English v. Blackwood

128 S.W.2d 895, 1939 Tex. App. LEXIS 647
CourtCourt of Appeals of Texas
DecidedMay 11, 1939
DocketNo. 10763.
StatusPublished
Cited by5 cases

This text of 128 S.W.2d 895 (English v. Blackwood) is published on Counsel Stack Legal Research, covering Court of Appeals of Texas primary law. Counsel Stack provides free access to over 12 million legal documents including statutes, case law, regulations, and constitutions.

Bluebook
English v. Blackwood, 128 S.W.2d 895, 1939 Tex. App. LEXIS 647 (Tex. Ct. App. 1939).

Opinion

MONTEITH, Chief Justice.

This is an appeal by writ of error from a judgment of the district court of Braz-oria County in an action brought by Amiel Blackwood and his wife, Hazel Blackwood, plaintiffs, against J. M. English, defendant, for personal injuries to Mrs. Blackwood, and for damages to plaintiffs’ automobile, alleged to have been sustained as a result of a collision between the automobile driven by Amiel Blackwood and a truck owned and operated by J. M. English. The parties will be designated in this opinion as in the trial court.
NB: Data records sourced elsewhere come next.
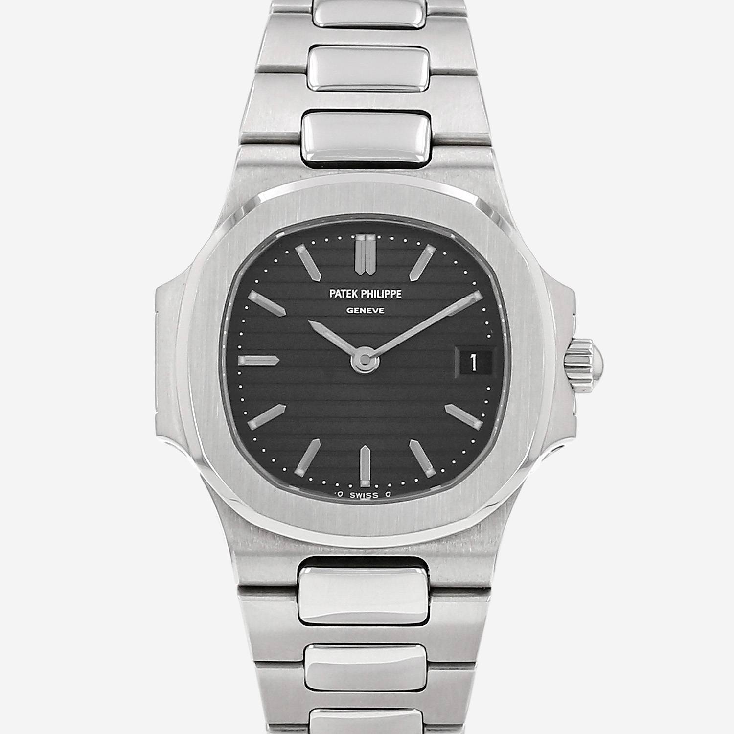 Stainless steel Patek Philippe Nautilus wristwatch. Cushion case in stainless steel, clipped caseback, smooth bezel, canned crown.
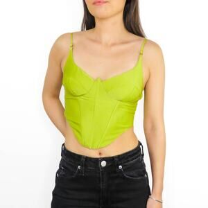 URBAN OUTFITTERS Bright Green Lime Green Camisole. Super Cute Lingerie Style Bustierre Cami Tank Top with Point on Bust. Y2k Vibrant Cute Top. It's Giving Euphoria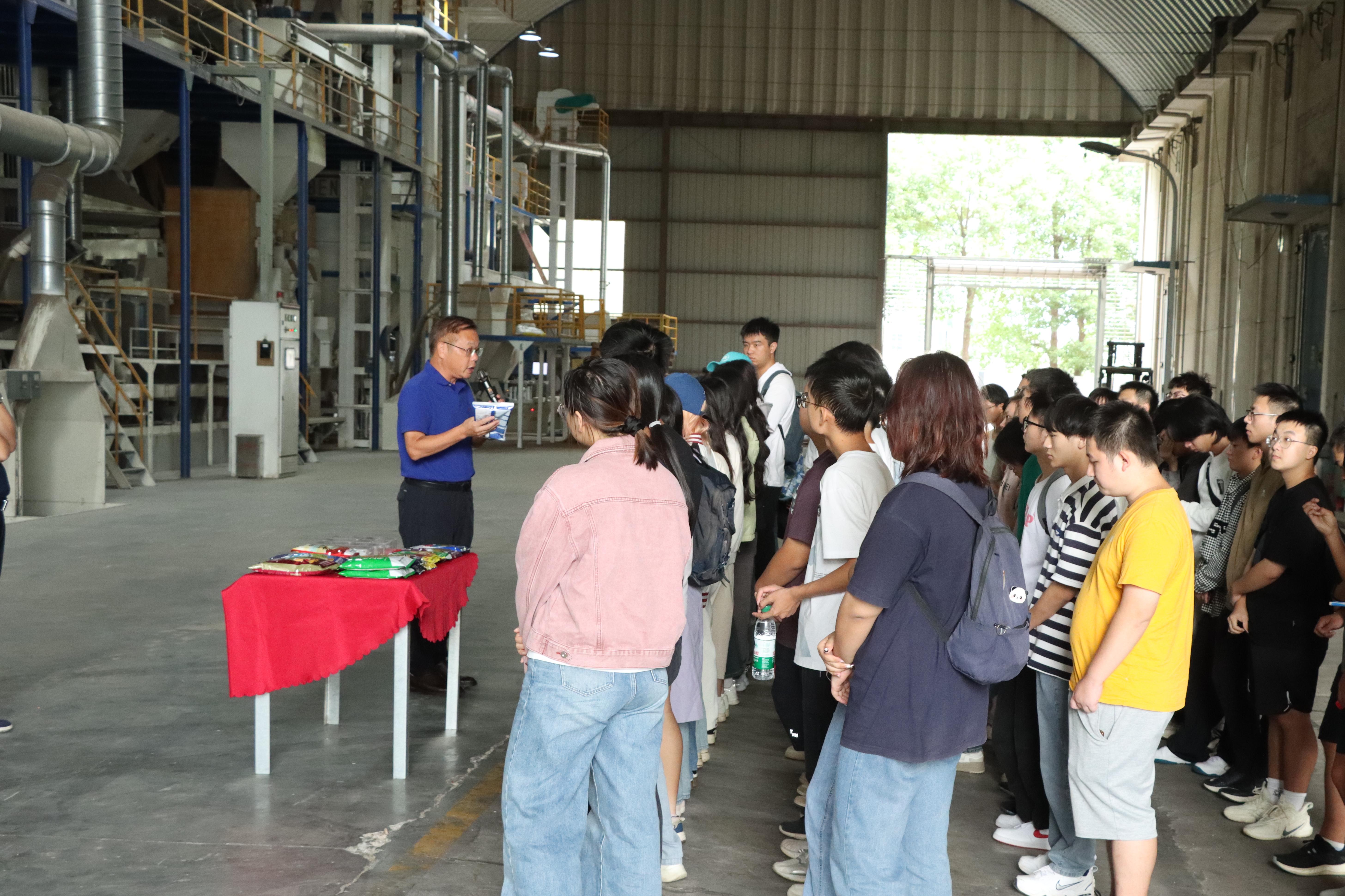 在加工仓储车间,学生们近距离接触到了现代化种子加工仓储管理系统。仓储部负责人为学生们详细演示了种子入库、加工、仓储、出库和各环节质量检测的过程。王教授亲自向学生们介绍了各类加工设备,并结合理论知识讲解了种子在加工、存储和运输过程中的关键质量控制点。通过实地观察和互动,学生们对种子仓储管理有了更直观的认识。“这些环节看似简单,但都直接影响种子的质量与市场竞争力。管理好了仓储,才能确保种子到达市场时依然保持优质。”王教授边讲边指导学生们记录和分析数据,手把手教导每个操作细节。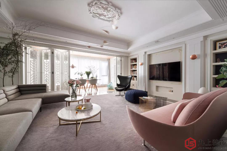 簡(jiǎn)潔時(shí)尚的布置,一進(jìn)門就感受到了輕松舒適的儀式感。整個(gè)客廳以現(xiàn)代優(yōu)雅的空間,搭配上粉色的地毯與家居,還有大理石與黃銅質(zhì)感,布置出一種華麗端莊的檔次感。

Plaintiffs in their petition alleged that defendant’s truck, as a result of specific acts of negligence on the part of defendant, collided with plaintiffs’ automobile, causing said injuries to Mrs. Blackwood and damages to their automobile.

The defendant answered by general demurrer, general denial, and by a plea of contributory negligence in general terms. No exception was filed by plaintiffs to said plea of contributory negligence.

The case was tried to a jury, who, in answer to special issues submitted, found that said collision was the result of the negligence of the defendant. On this verdict the court rendered judgment for plaintiffs and against defendant in the sum of $2,-250 for injuries to Mrs. Blackwood, and in the sum of $465 for damages to plaintiff’s automobile.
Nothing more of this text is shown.